A dollop of compound butter spread over chicken, pork, steak and even mixed into vegetables melts quickly into a glossy and elegant sauce that will elevate any run-of-the-mill weeknight meal.  I’ve added suggestions for where to use them, but don’t be afraid to explore your own uses!

Basic method for making a compound butter:

  1. Use room temperature, unsalted butter.
  2. For cooked ingredients, be sure they are fully cooled before mixing into butter.
  3. Start with ½ tsp salt and ¼ tsp pepper, add more to your liking
  4. Use a regular kitchen fork to combine ingredients in a small mixing bowl until evenly incorporated into the butter.
  5. Store the butter in a small glass container for up to a week. You can also roll the butter into a log using a piece of parchment paper or plastic wrap.  Store wrapped logs in the refrigerator for up to a week, or up to six months in the freezer, inside of a zip top bag.

Roasted Garlic Lemon

Good with chicken, pork, steak and vegetables

1 stick unsalted butter, room temperature

1 TBSP roasted garlic paste (recipe below)

1 head garlic

1 tbsp olive oil

Salt and pepper to taste

Zest of one large lemon

1 tsp chives, finely chopped

½ tsp smoked salt, or kosher salt

¼ tsp cracked black pepper

  1. Roast garlic to make a paste; with the heel of your hand, press down on the top of a head of garlic to break the individual cloves apart.
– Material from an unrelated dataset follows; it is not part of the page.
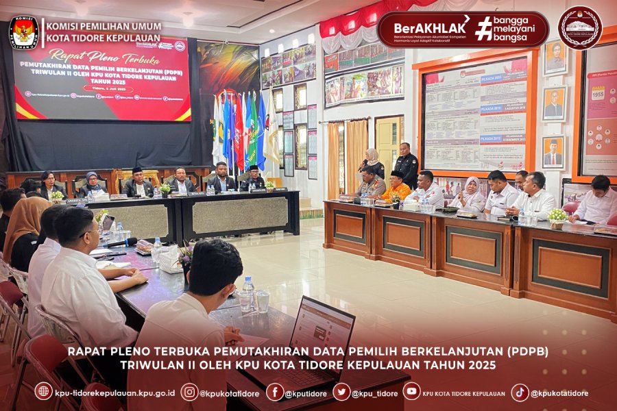 #TemanPemilih, KPU Kota Tidore Kepulauan menyelenggarakan rapat Pleno terbuka pemuktahiran data pemilih berkelanjutan (PDPB) triwulan II di aula KPU Kota Tidore Kepulauan pada rabu 2 Juli 2025. Ketua KPU Kota Tidore Kepulauan Randi Ridwan didampingi Anggota Bahrudin Tosofu, AbdulHaris Doa, Sudirman Ismail, dan Fitriah Hi. Muhammad, Sekretaris Akmad Daud, Kassubag Hukum dan SDM Alwia M. Saleh, Kasubag Perencanaan Data dan Informasi Zulfah Badriyah dan Kassubag Teknis Sosdiklih dan Parmas Asman Hi. Muhamad dan seluruh staf Sekertariat KPU Kota Tidore Kepulauan. Turut hadir Perwakilan Bawaslu Kota Tidore Kepulauan, Polres Kota Tidore Kepulauan, Dinas Kependudukan dan Pencatatan Sipil, Rutan kelas IIB Soasio, Kemenag Kota Tidore Kepulauan, dan BPS Kota Tidore Kepulauan.

Place cloves, with skins on, in a shallow baking dish, toss with olive oil, salt and pepper.  Cover with foil and bake at 375 degrees for 45 minutes or until golden and soft.  Let cool slightly before squeezing the softened garlic out of the skins into a bowl.  Mash with a fork and set aside to cool.
  2. Mix ingredients in a small mixing bowl with a fork until evenly incorporated into the butter.
  3. Store in refrigerator or freezer.

chicken roasted garlic lemon butter

Porcini Mushrooms with Sherry

Good with pork, steak and vegetables

1 stick unsalted butter, room temperature

½ cup dry Sherry (do NOT use “cooking sherry”)

½ ounce dried porcini mushrooms

1 tsp fresh thyme leaves

½ tsp kosher salt

¼ tsp cracked black pepper

  1. Soak dried porcini mushrooms in Sherry for an hour to soften.
  2. Drain reconstituted porcinis, reserving liquid for another use (like risotto!)
  3. Finely chop porcinis
  4. Mix ingredients in a small mixing bowl with a fork until evenly incorporated into the butter.
  5. Store in the refrigerator or freezer.

Red Wine Shallot

Good with steak, pork and vegetables

1 stick unsalted butter, room temperature

3 TBSP shallot, finely diced

¼ cup red wine

1 TBSP chives, finely chopped

½ tsp salt

¼ cracked black pepper

  1. In a small saucepan, combine the shallots and wine over medium-low heat.
  2. Cook for 8 – 10 minutes until all the liquid has evaporated.
  3. Remove shallots from the heat, set aside to cool.
  4. Mix ingredients in a small mixing bowl with a fork until evenly incorporated into the butter.
  5. Store in the refrigerator or freezer.

Cranberry Orange

Good with all poultry, pork and fall vegetables.  Think Thanksgiving!

1 stick unsalted butter, room temperature

2 TBSP dried cranberries, finely chopped

2 TBSP Grand Marnier, or other orange-flavored liqueur

¼ water

Zest of one orange

1 tsp pure maple syrup

½ tsp kosher salt

¼ tsp cracked black pepper

  1. In a small saucepan, combine the cranberries, Grand Marnier, zest and water over medium-low heat.
  2. Cook for 6 – 8 minutes until all the liquid has evaporated.
  3. Remove cranberry mixture from the heat, set aside to cool.
  4. Mix ingredients in a small mixing bowl with a fork until evenly incorporated into the butter.
  5. Store in the refrigerator or freezer.